Гамлен спокойно сложил акварели в папку, завязал тесемки и взял ее под мышку.

— Странное противоречие, — процедил он сквозь зубы. — С одной стороны, помогать нашим солдатам водружать во всем мире знамя Свободы, а с другой — у себя дома предавать эту же Свободу, сея смятение и тревогу в сердцах ее защитников… Прощайте, гражданин Блез!

Прежде чем направиться в переулок, идущий вдоль Оратории, Гамлен с сердцем, исполненным любви и гнева, обернулся, чтобы взглянуть на красные гвоздики в окне второго этажа.

Он нисколько не отчаивался в спасении родины. Непатриотическим речам Жана Блеза он противопоставлял свою веру в революцию. Все-таки он вынужден был признать, что в словах продавца эстампов заключалась, по-видимому, известная доля правды: население Парижа уже не проявляло прежнего интереса к событиям. К сожалению, было слишком несомненно, что на смену одушевлению первых дней пришло всеобщее равнодушие, что в прошлое канули охваченные общим порывом огромные толпы восемьдесят девятого года, что в прошлое канули миллионы людей-единомышленников, сплотившихся в девяностом году вокруг алтаря федералистов. Ну что ж! Доблестные граждане удвоят рвение и смелость, заставят очнуться уснувший народ, предложив ему выбор между свободой и смертью.

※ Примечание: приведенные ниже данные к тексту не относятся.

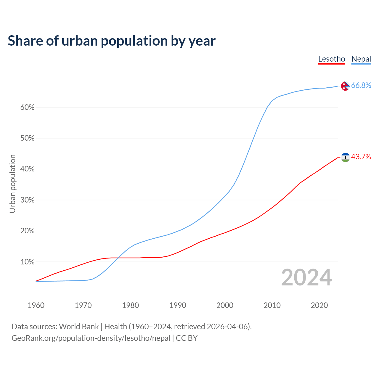 From 2004 to 2024, the share of urban population changed from 21.8% to 43.7% in Lesotho and from 41.6% to 66.8% in Nepal.
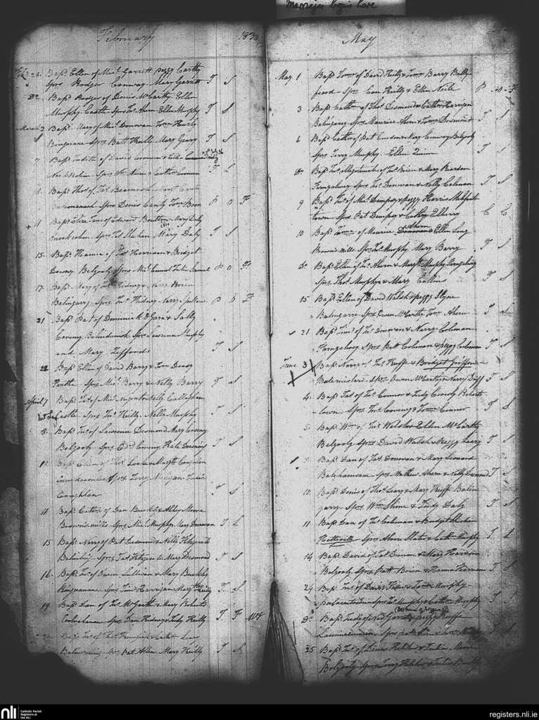 Clountead, Ballingarry and Ballymartle; County of Cork; Diocese of Cork and Ross. Baptisms, Feb. 1838 to June 1838

Так думал Гамлен, и мысль об Элоди придавала ему мужества.

Очутившись на набережной, он увидел, что солнце садится за тяжелые тучи, похожие на горы добела раскаленной лавы; городские крыши купались в золотом свете; оконные стекла ослепительно сверкали. И Гамлен представил себе, что это титаны сооружают из пылающих обломков старых миров медные твердыни Дикеи.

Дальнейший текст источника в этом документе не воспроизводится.